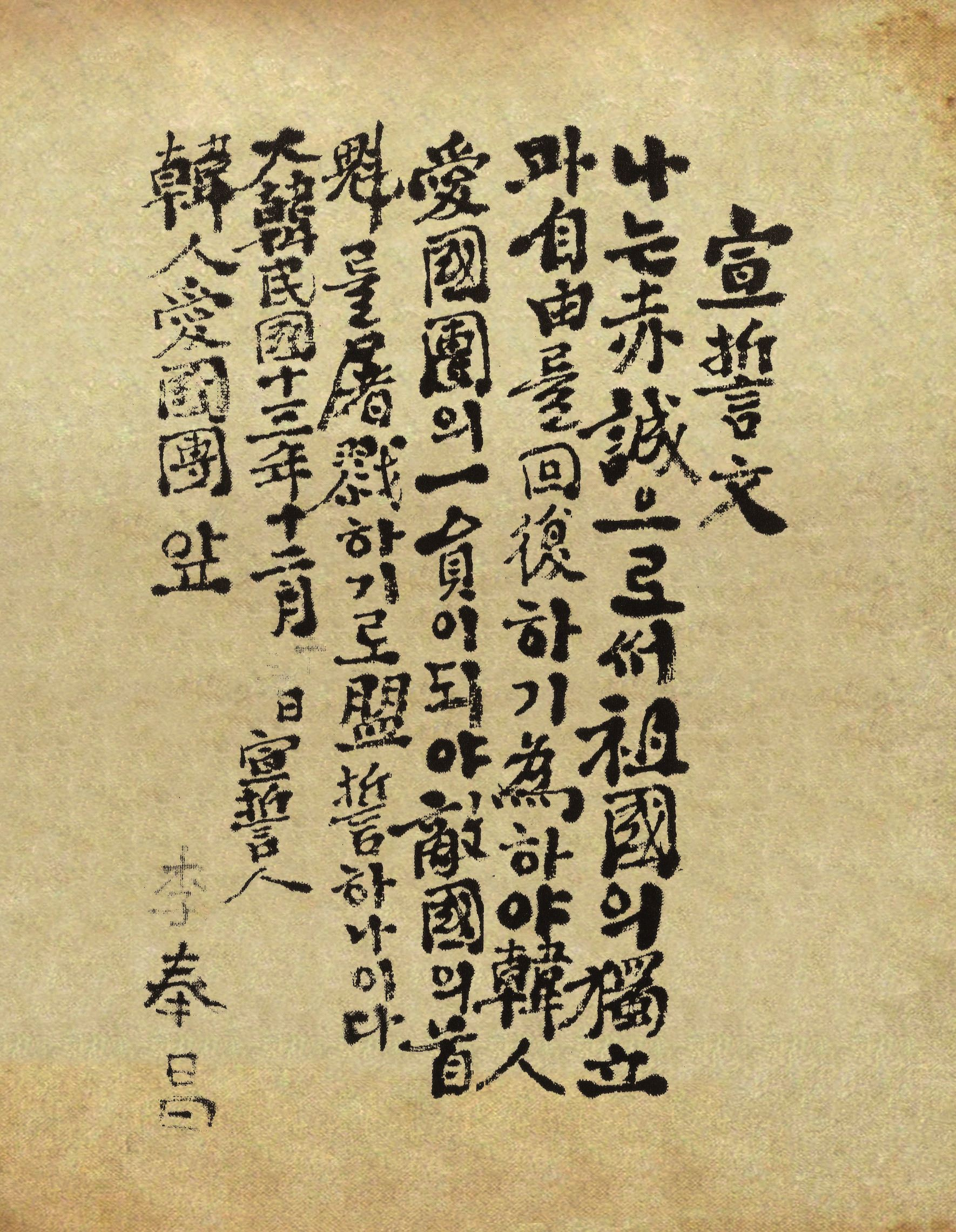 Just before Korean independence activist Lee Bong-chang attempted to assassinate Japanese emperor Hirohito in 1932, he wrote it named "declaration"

...

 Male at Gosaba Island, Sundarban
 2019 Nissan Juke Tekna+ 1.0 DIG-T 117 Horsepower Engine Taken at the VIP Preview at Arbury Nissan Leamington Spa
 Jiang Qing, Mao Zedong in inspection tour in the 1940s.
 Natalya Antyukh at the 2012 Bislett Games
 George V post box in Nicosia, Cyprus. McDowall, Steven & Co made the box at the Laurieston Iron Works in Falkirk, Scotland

==

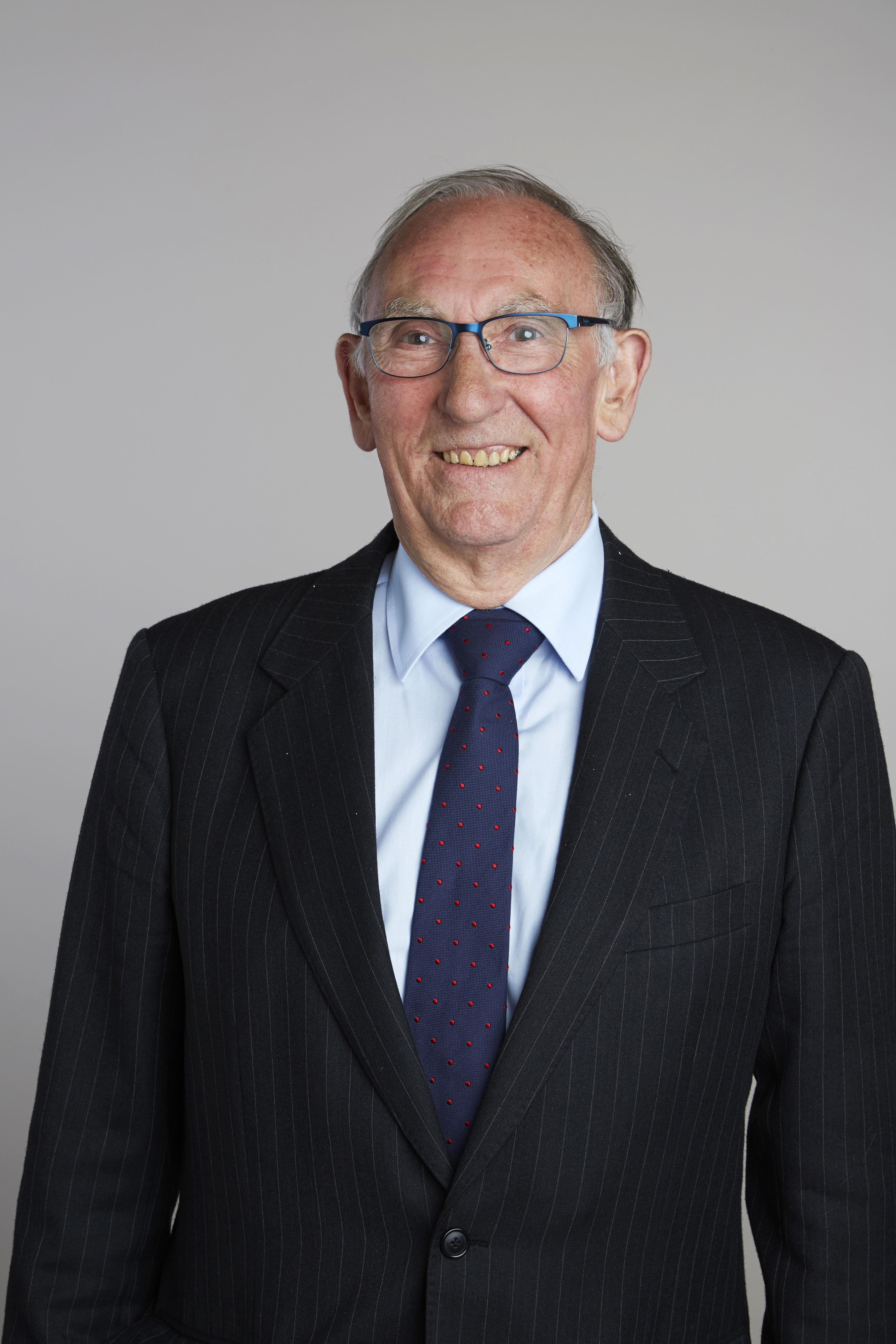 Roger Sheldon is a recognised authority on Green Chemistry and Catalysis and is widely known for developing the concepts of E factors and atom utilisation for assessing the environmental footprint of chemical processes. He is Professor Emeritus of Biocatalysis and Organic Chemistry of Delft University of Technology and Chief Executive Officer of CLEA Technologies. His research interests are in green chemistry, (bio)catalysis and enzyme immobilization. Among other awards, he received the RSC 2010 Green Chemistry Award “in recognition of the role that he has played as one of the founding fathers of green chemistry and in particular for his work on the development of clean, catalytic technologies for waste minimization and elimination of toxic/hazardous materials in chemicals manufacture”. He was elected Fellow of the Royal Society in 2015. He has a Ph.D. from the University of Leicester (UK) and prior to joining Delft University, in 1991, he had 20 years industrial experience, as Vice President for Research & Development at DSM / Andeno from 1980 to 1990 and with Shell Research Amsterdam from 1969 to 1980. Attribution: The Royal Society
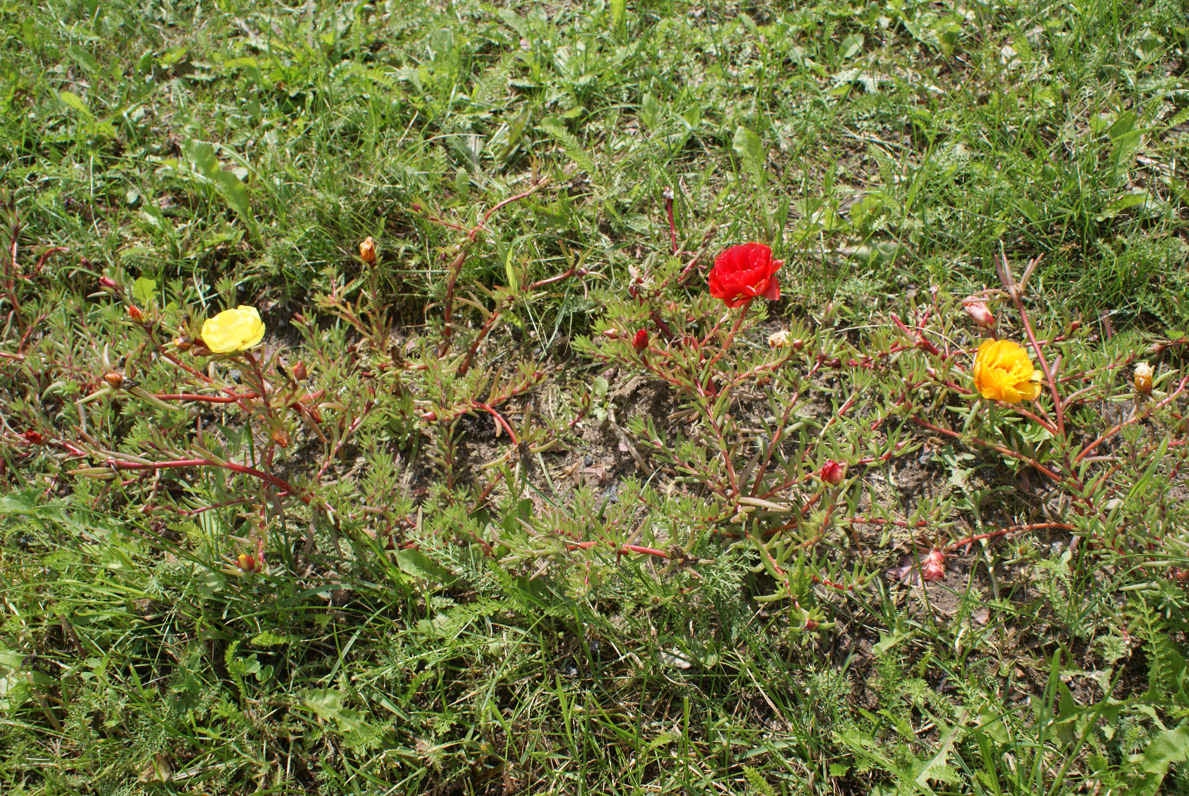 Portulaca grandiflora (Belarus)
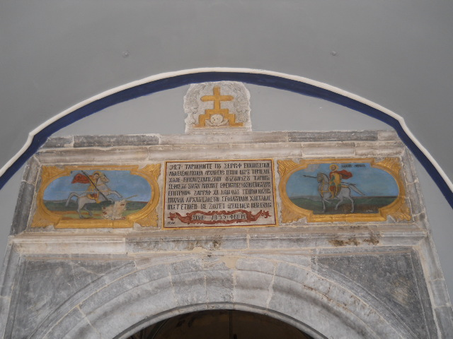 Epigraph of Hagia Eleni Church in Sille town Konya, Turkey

> [EXERCISE DIRECTIONS]
To complete this exercise, transcribe exactly the lines above from the one that holds "Roger Sheldon is" through the one that holds "Epigraph of Hagia". Pictures stay out.

> [OUTPUT FOR THIS TASK]
 Roger Sheldon is a recognised authority on Green Chemistry and Catalysis and is widely known for developing the concepts of E factors and atom utilisation for assessing the environmental footprint of chemical processes. He is Professor Emeritus of Biocatalysis and Organic Chemistry of Delft University of Technology and Chief Executive Officer of CLEA Technologies. His research interests are in green chemistry, (bio)catalysis and enzyme immobilization. Among other awards, he received the RSC 2010 Green Chemistry Award “in recognition of the role that he has played as one of the founding fathers of green chemistry and in particular for his work on the development of clean, catalytic technologies for waste minimization and elimination of toxic/hazardous materials in chemicals manufacture”. He was elected Fellow of the Royal Society in 2015. He has a Ph.D. from the University of Leicester (UK) and prior to joining Delft University, in 1991, he had 20 years industrial experience, as Vice President for Research & Development at DSM / Andeno from 1980 to 1990 and with Shell Research Amsterdam from 1969 to 1980. Attribution: The Royal Society
 Portulaca grandiflora (Belarus)
 Epigraph of Hagia Eleni Church in Sille town Konya, Turkey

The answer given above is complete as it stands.